--- Data extracts ---
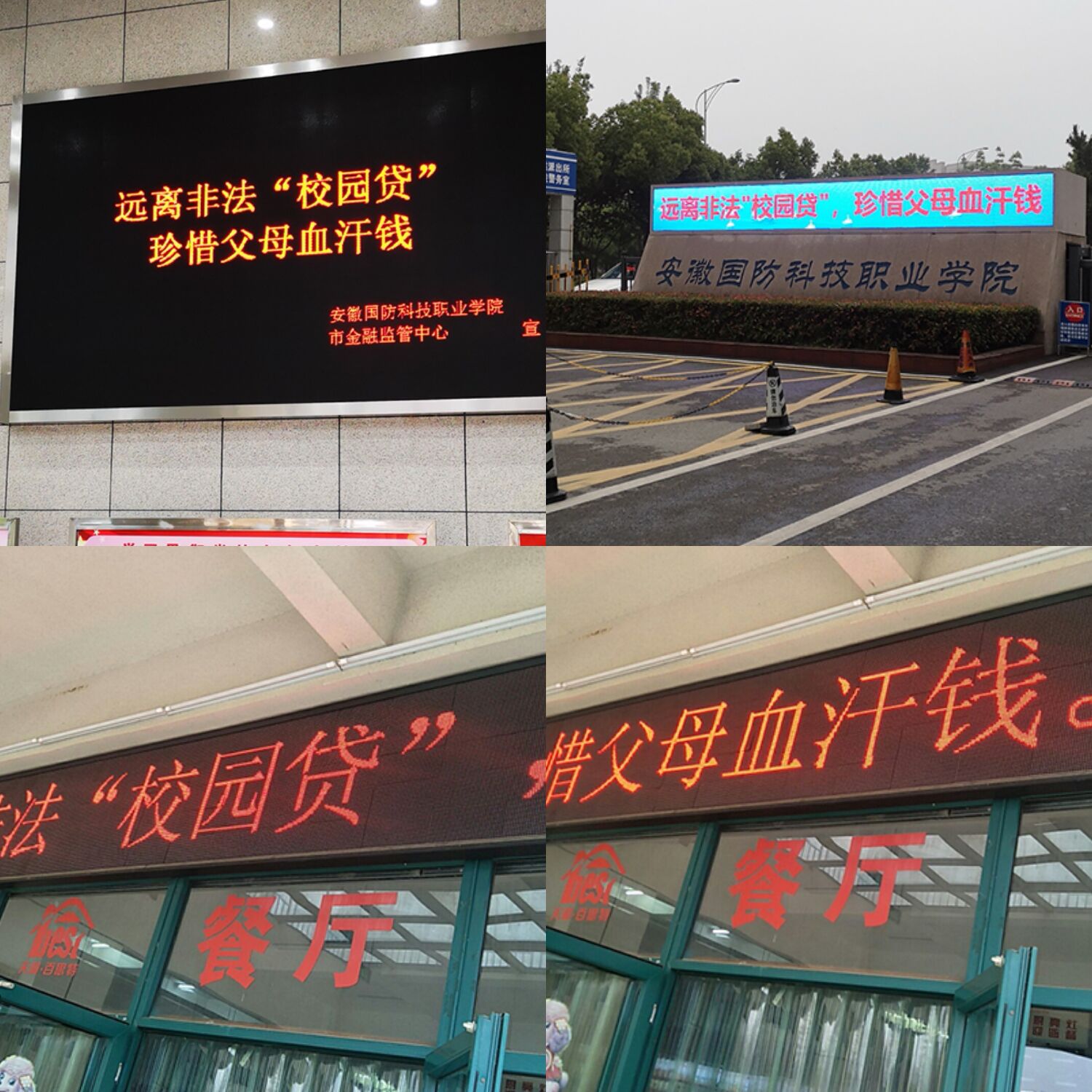 学校大门、综合楼、食堂等处电子屏设置“远离非法‘校园贷',珍惜父母血汗钱”宣传标语
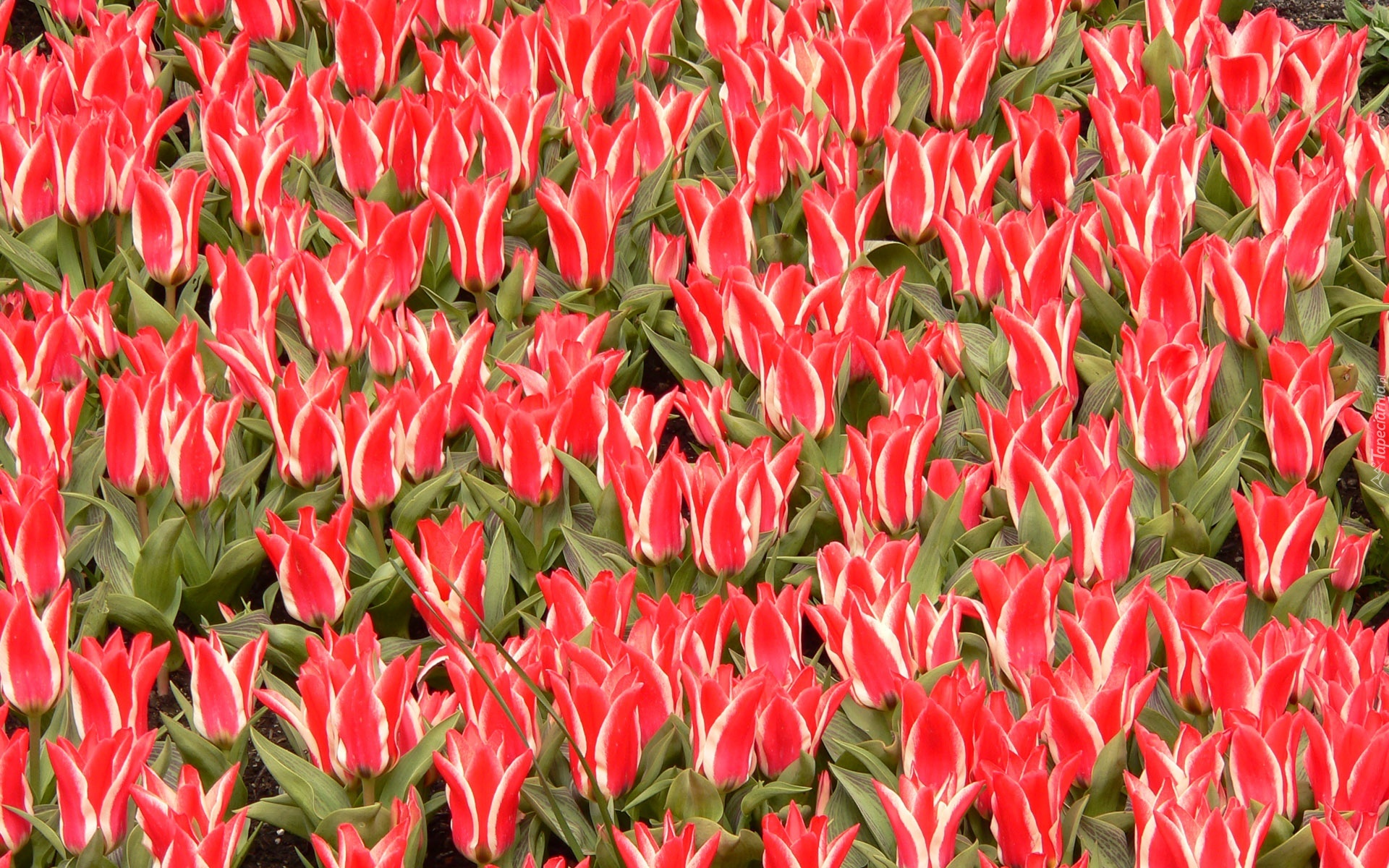 Edytor tapety: Plantacja, Czerwono, Białych, Ozdobnych, Tulipanów
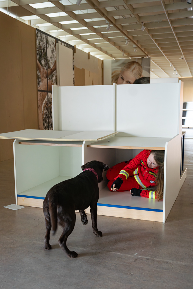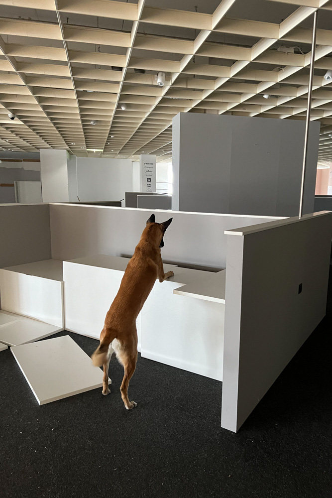 Das ist eine sehr tolle und wichtige Möglichkeit, um die Ausbildung unserer Hunde zu vertiefen. Die unterschiedlichen Bodenbeschaffenheiten, Lichtverhältnisse und Verstecke über mehrere Stockwerke sind eine ganz neue Herausforderung für die Hunde.
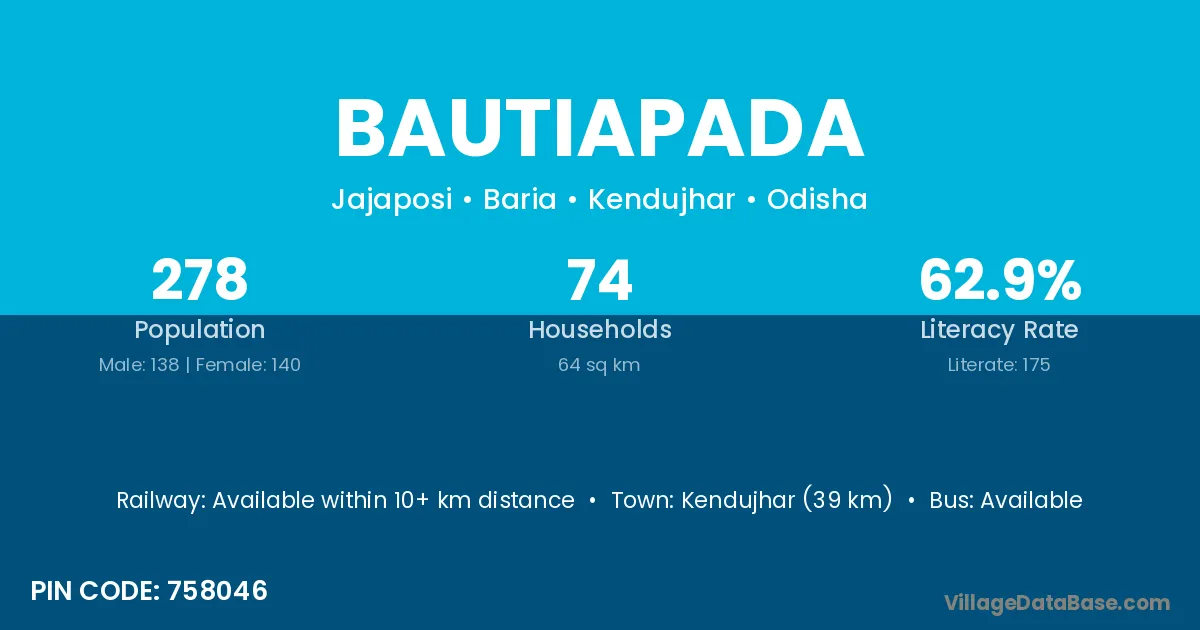 Kendujhar (39 km) is the nearest town to Bautiapada village for major economic activities and is located approximately 39 km away.
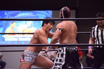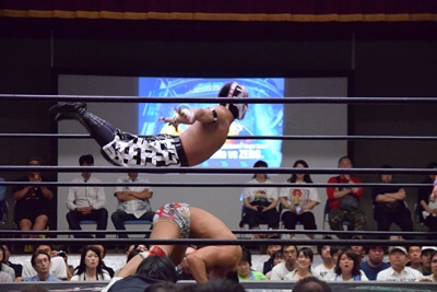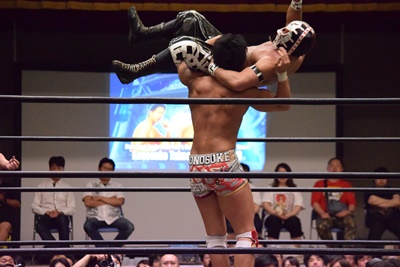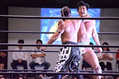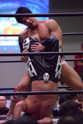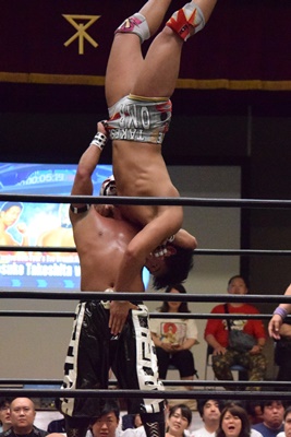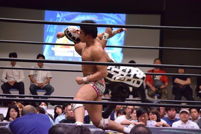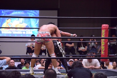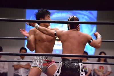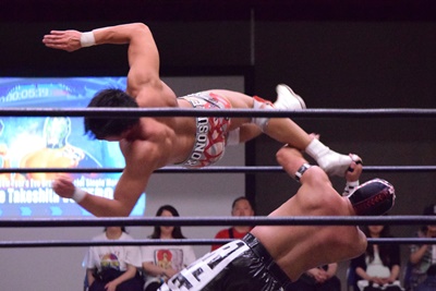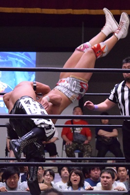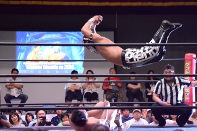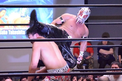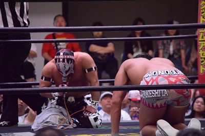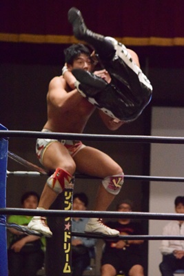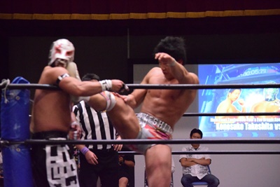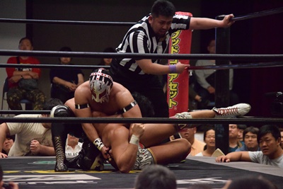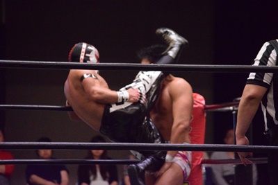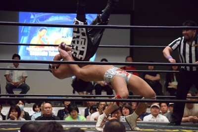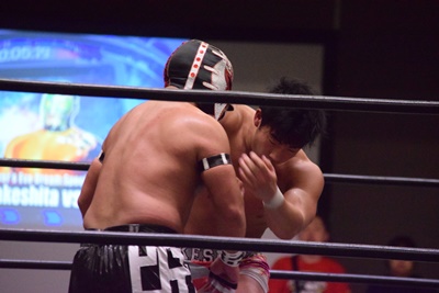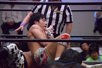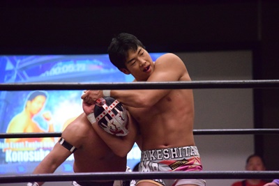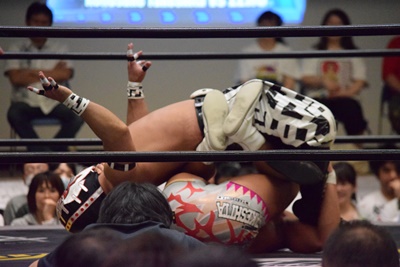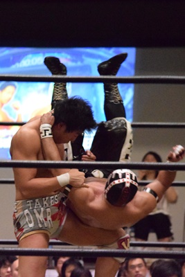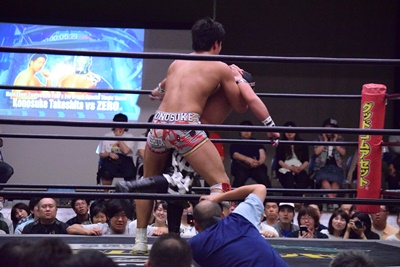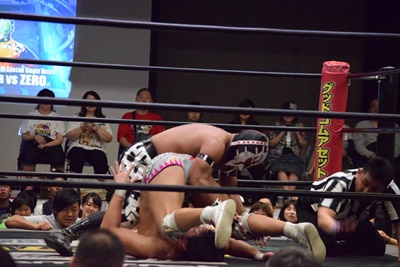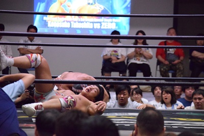 ZEROラリアットをかわして背後に回ると竹下の体勢を崩して丸め込む(左写真)、カウント2。20分経過。

--- Problem statement ---
Leave every picture out, and reproduce exactly the lines from the line bearing "Białych, Ozdobnych, Tulipanów" through the closing line of the material above.

--- Exercise solution ---
 Edytor tapety: Plantacja, Czerwono, Białych, Ozdobnych, Tulipanów
 Das ist eine sehr tolle und wichtige Möglichkeit, um die Ausbildung unserer Hunde zu vertiefen. Die unterschiedlichen Bodenbeschaffenheiten, Lichtverhältnisse und Verstecke über mehrere Stockwerke sind eine ganz neue Herausforderung für die Hunde.
 Kendujhar (39 km) is the nearest town to Bautiapada village for major economic activities and is located approximately 39 km away.
 ZEROラリアットをかわして背後に回ると竹下の体勢を崩して丸め込む(左写真)、カウント2。20分経過。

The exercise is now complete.